Available data:
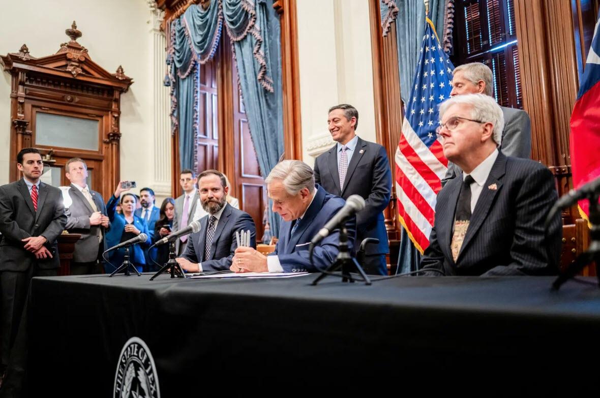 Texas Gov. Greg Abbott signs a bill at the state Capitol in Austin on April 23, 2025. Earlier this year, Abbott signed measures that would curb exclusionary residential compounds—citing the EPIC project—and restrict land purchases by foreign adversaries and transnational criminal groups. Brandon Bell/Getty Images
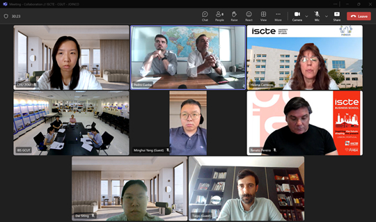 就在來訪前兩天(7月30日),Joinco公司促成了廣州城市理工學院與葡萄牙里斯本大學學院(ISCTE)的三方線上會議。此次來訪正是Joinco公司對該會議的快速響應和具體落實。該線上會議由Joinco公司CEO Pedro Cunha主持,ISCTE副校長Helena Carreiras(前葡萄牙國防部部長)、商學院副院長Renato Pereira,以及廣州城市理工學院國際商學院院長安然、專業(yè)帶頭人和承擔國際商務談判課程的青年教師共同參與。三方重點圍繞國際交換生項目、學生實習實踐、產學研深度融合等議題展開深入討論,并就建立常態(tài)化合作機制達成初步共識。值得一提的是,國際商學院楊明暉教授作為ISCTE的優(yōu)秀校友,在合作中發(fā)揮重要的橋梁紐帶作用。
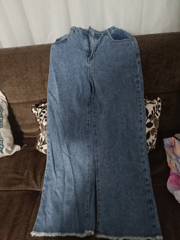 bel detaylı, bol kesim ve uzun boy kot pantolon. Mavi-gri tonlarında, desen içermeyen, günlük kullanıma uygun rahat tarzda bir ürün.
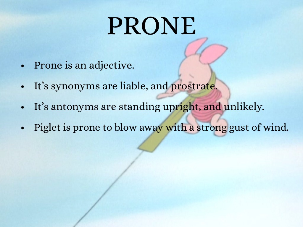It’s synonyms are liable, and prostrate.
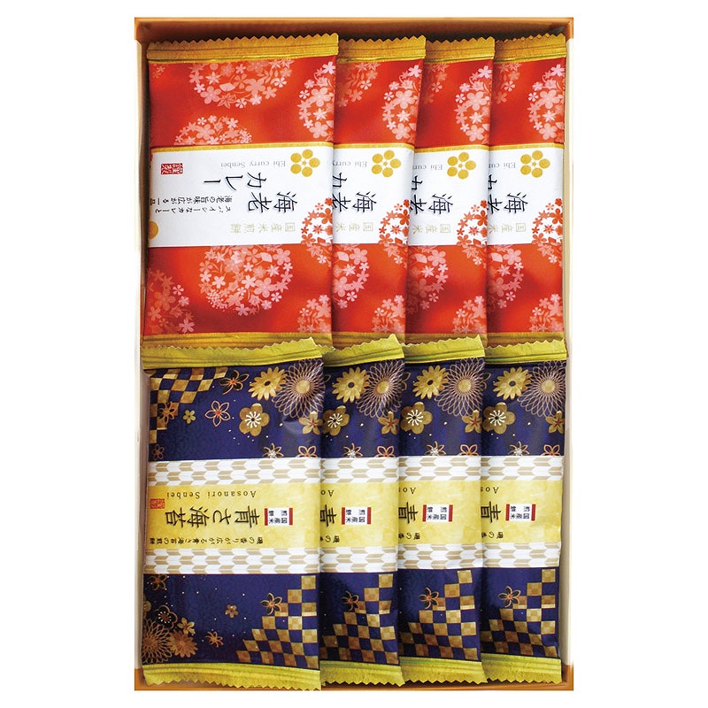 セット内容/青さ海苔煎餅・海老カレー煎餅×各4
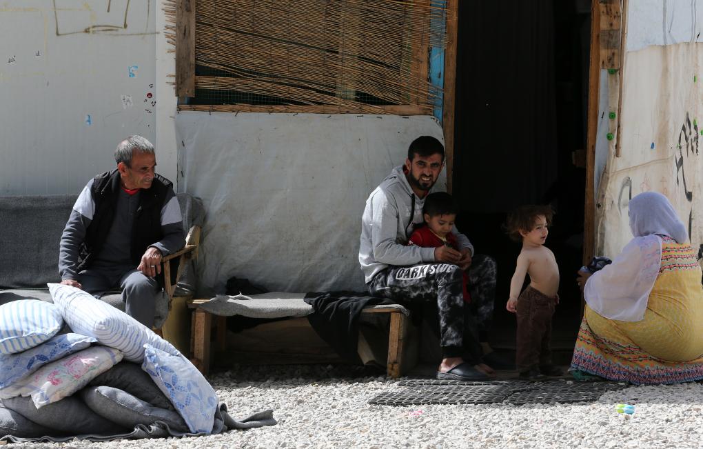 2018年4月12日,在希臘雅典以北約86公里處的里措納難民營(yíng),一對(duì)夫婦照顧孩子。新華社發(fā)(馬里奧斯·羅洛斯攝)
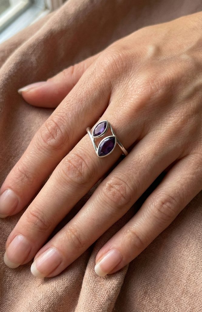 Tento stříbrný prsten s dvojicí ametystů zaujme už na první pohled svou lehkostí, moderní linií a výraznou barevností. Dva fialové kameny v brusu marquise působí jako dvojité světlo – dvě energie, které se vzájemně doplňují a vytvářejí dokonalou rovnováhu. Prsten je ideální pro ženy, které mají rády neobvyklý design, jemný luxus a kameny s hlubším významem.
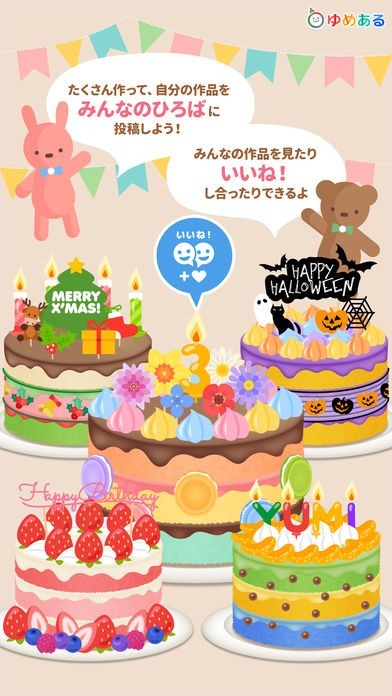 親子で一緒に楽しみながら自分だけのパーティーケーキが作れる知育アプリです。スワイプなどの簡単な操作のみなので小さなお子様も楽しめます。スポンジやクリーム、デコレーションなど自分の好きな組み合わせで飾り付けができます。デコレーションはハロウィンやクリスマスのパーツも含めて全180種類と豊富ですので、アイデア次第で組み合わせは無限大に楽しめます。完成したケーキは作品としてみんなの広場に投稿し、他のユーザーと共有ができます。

Work item:
When copying from the data above, begin at the line containing "セット内容/青さ海苔煎餅・海老カレー煎餅×各4" and end at the line containing "2018年4月12日,在希臘"; return those lines exactly and leave all pictures behind.

Written solution:
 セット内容/青さ海苔煎餅・海老カレー煎餅×各4
 2018年4月12日,在希臘雅典以北約86公里處的里措納難民營(yíng),一對(duì)夫婦照顧孩子。新華社發(fā)(馬里奧斯·羅洛斯攝)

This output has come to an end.